Decoding the Terminology
A gene is a set of instructions, much like a recipe in a cookbook, that tells the body how to function. A “variant” is a change in those instructions. While most variants are harmless or cause normal differences like eye color, some can affect how the instruction is read, similar to a typo that alters the final dish.
The term “pathogenic” is used to classify a variant as disease-causing. Geneticists classify a variant as pathogenic when there is strong evidence that it disrupts a gene’s function and leads to a health condition. This is different from a “benign” variant, which is harmless, or a “variant of uncertain significance” (VUS), which lacks enough evidence for classification.
“Heterozygous” means you have two different versions of a particular gene, having inherited one copy from each biological parent. A heterozygous result indicates that one copy of the gene has the pathogenic variant while the other copy is normal. This contrasts with being “homozygous,” which means you inherited the same variant from both parents, resulting in two altered copies.
Inheritance and Risk to Offspring
A heterozygous pathogenic variant often points to an autosomal dominant inheritance pattern. In this pattern, only one copy of the altered gene is needed to potentially cause a health condition. Because the gene is on a non-sex chromosome (autosome), it affects males and females equally.
An individual with this type of variant has a 50% chance of passing it on to each child, and this probability is independent for each pregnancy. It can be visualized like flipping a coin. Whether a child who inherits the variant develops the condition is a separate consideration related to penetrance and expressivity.
A pathogenic variant is not always inherited. A de novo variant is a spontaneous alteration that appears for the first time in an individual, occurring in the parent’s reproductive cells or during early development. Once an individual has a de novo variant, they can pass it to their children with the same 50% probability.
Health Implications and Disease Expression
Having a heterozygous pathogenic variant does not guarantee a person will develop the associated health condition. This is explained by “penetrance,” which is the statistical likelihood that someone with a pathogenic variant will show signs of the disease. Some variants have complete penetrance, meaning nearly everyone with the variant will develop the condition.
Other variants have reduced or incomplete penetrance, where only a certain percentage of people with the variant will get sick. For example, a variant with 80% penetrance means that eight out of ten people who have it will develop the associated health issues. Two people will not, despite carrying the same variant.
Another concept is “variable expressivity,” which describes the range of symptoms among people with the same pathogenic variant. Even within a family, individuals with the same variant can be affected differently, with some having mild symptoms and others having severe ones. This variability, along with penetrance, can be influenced by other genetic factors, environmental influences, and lifestyle choices.
Genetic Testing and Family Planning
After receiving a result with a heterozygous pathogenic variant, it is recommended to discuss the findings with a genetic counselor. These professionals are trained to explain the specifics of your result, what it means for your health, and the implications for relatives. They translate technical information into personalized guidance.

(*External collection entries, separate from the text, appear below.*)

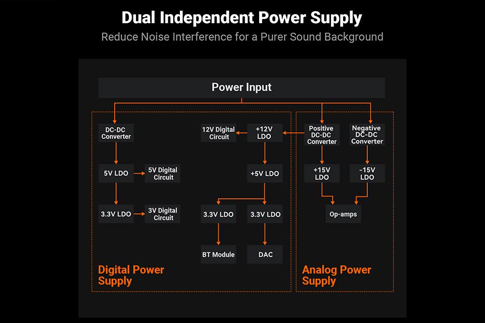 BT20A Max er udstyret med Qualcomm QCC3095 Bluetooth chipset og Bluetooth 6.0, som sikrer stabil forbindelse, lav latency og høj opløsning. Den understøtter et bredt udvalg af hi-res codecs som LDAC, aptX Lossless, aptX Adaptive, aptX HD samt AAC og SBC, hvilket gør den kompatibel med både smartphones, tablets og computere. Med dual RCA indgange og dedikeret subwoofer udgang er det nemt at opbygge et komplet 2.1 hjemme audio system. Den motoriserede analoge volumen potentiometer giver præcis justering via den medfølgende fjernbetjening, mens tone mode giver mulighed for individuel justering af bas og diskant, så lyden kan tilpasses rummet og dine præferencer.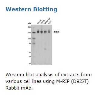 M-RIP (D9I5T) Rabbit mAb recognizes endogenous levels of total M-RIP protein.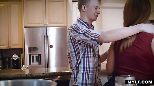 Mature red head Lotty Blue hooks up with one young nextdoor dude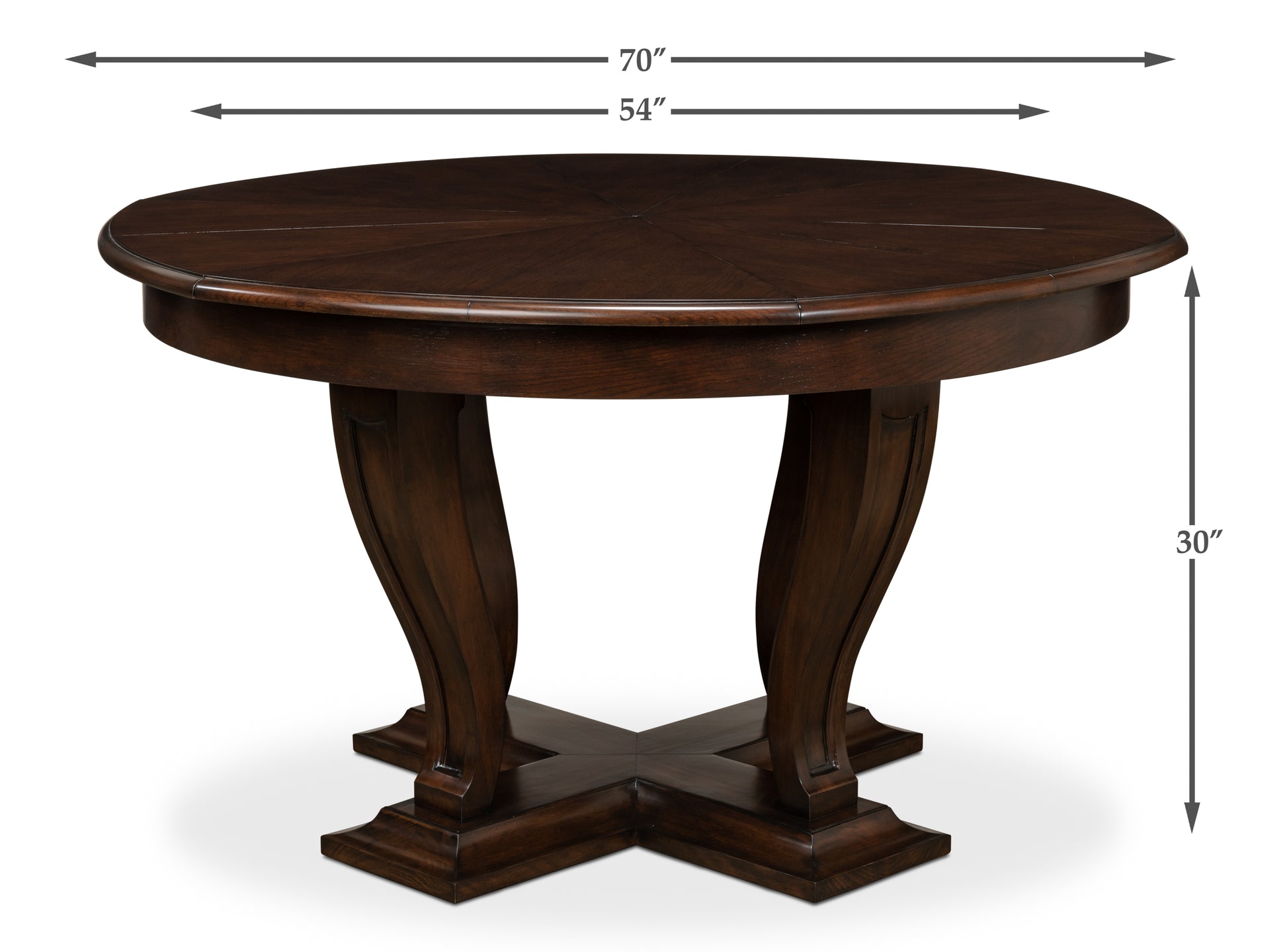 - Effortless Expansion: The "jupe" mechanism allows the table to gracefully extend from a 54-inch diameter to a generous 70-inch diameter, accommodating both intimate gatherings and larger groups.

This knowledge can lead to cascade screening, which involves offering genetic testing to at-risk biological relatives. Identifying family members who carry the same pathogenic variant allows them to make informed decisions about their health. This may include pursuing preventive measures or increased surveillance.
For those who know they carry a pathogenic variant, this information can inform family planning. Options like preimplantation genetic testing (PGT) are available with in-vitro fertilization (IVF). PGT involves testing embryos for a specific genetic condition before uterine transfer, allowing parents to reduce the chance of passing the variant to their children.